Pure and Applied Mathematics Quarterly

Volume 12 (2016)

Number 2

On the complexity of isometric immersions of hyperbolic spaces in any codimension

Pages: 243 – 259

DOI: https://dx.doi.org/10.4310/PAMQ.2016.v12.n2.a3

Authors

F. Fontenele (Departamento de Geometria, Universidade Federal Fluminense, Niterói, RJ, Brazil)

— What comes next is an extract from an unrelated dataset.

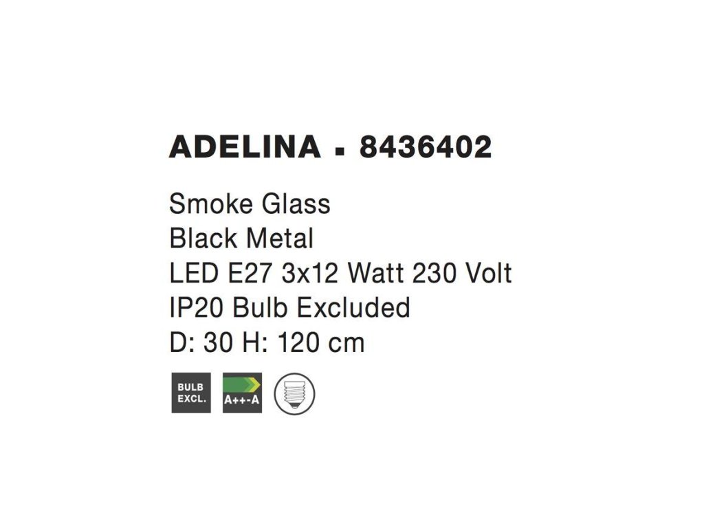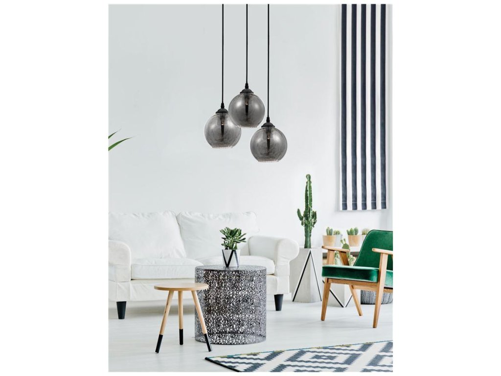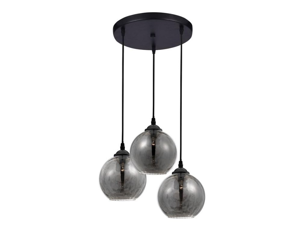 Závesné svietidlo ADELINA dymové sklo čierny kov E27 3x12W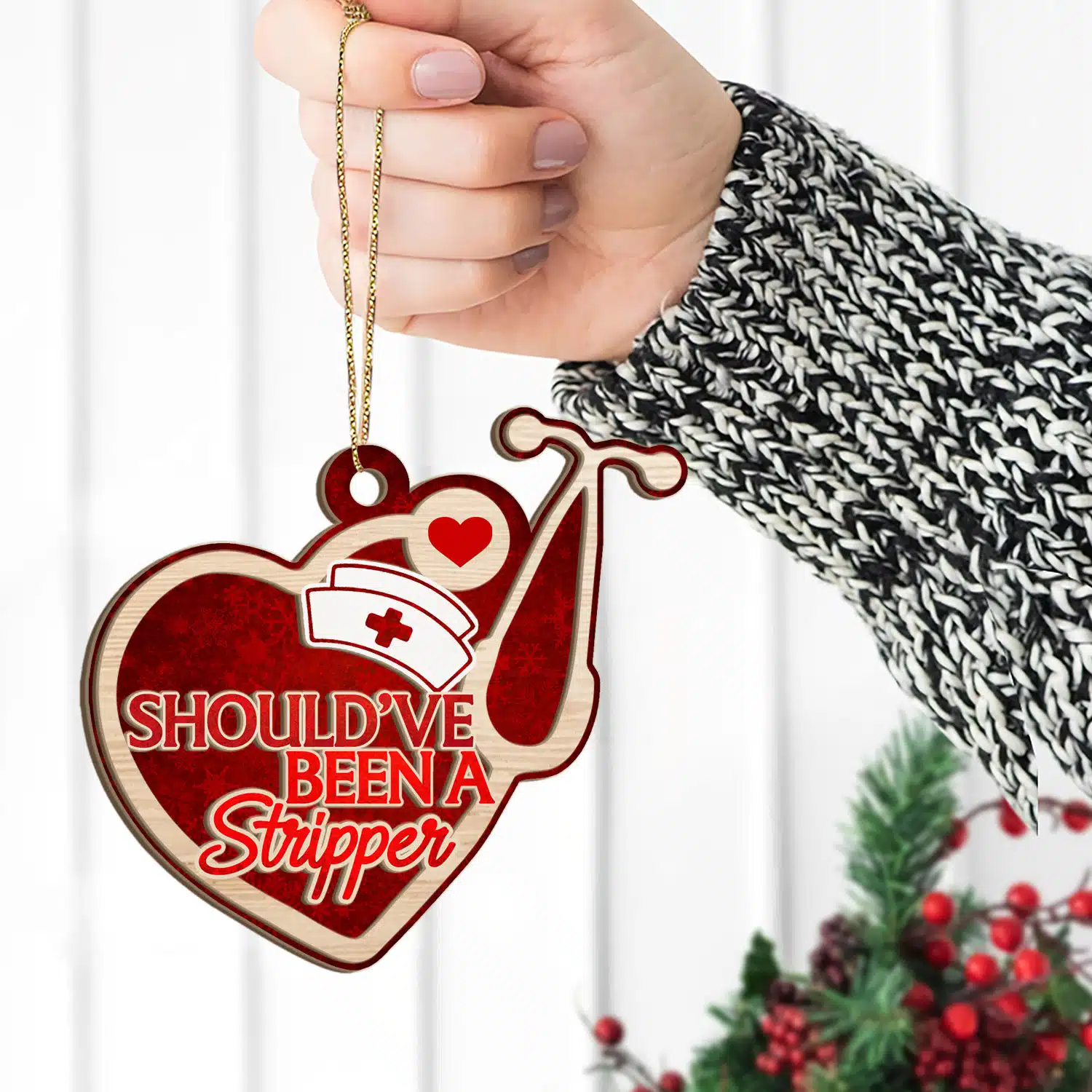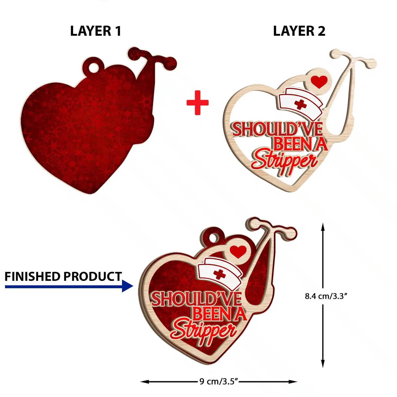 Let’s Shop Should’ve Been A Stripper Funny Nurse 2 Layered Wood Christmas Ornament Keepsake – Registered Nurse Christmas Gifts!

F. Xavier (Department of Mathematics, University of Notre Dame, Indiana, U.S.A.; and Department of Mathematics, Texas Christian University, Fort Worth, Tx., U.S.A.)

Abstract

Although the Nash theorem solves the isometric embedding problem, matters are inherently more involved if one is further seeking an embedding that is well-behaved from the standpoint of submanifold geometry. More generally, consider a Lipschitz map $F : M^m \to \mathbb{R}^n$, where $M^m$ is a Hadamard manifold whose curvature lies between negative constants. The main result of this paper is that F must perform a substantial compression: For every $r \gt 0, \epsilon \gt 0$ and integer $k \geq 2$ there exist $k$ geodesic balls of radius $r$ in $M^m$ that are at least $\epsilon^{-1}$ apart, but whose images under $F$ are $\epsilon$-close in the Hausdorff sense of $\mathbb{R}^n$. In particular, any isometric embedding $\mathbb{H}^m \to \mathbb{R}^n$ of hyperbolic space, proper or not, must have a rather complex asymptotic behavior, no matter how high the codimension $n - m$ is allowed to be.

Keywords

isometric embeddings of hyperbolic spaces, Lipschitz map, Hadamard manifold, Nash theorem

The first author’s work was partially supported by CNPq (Brazil).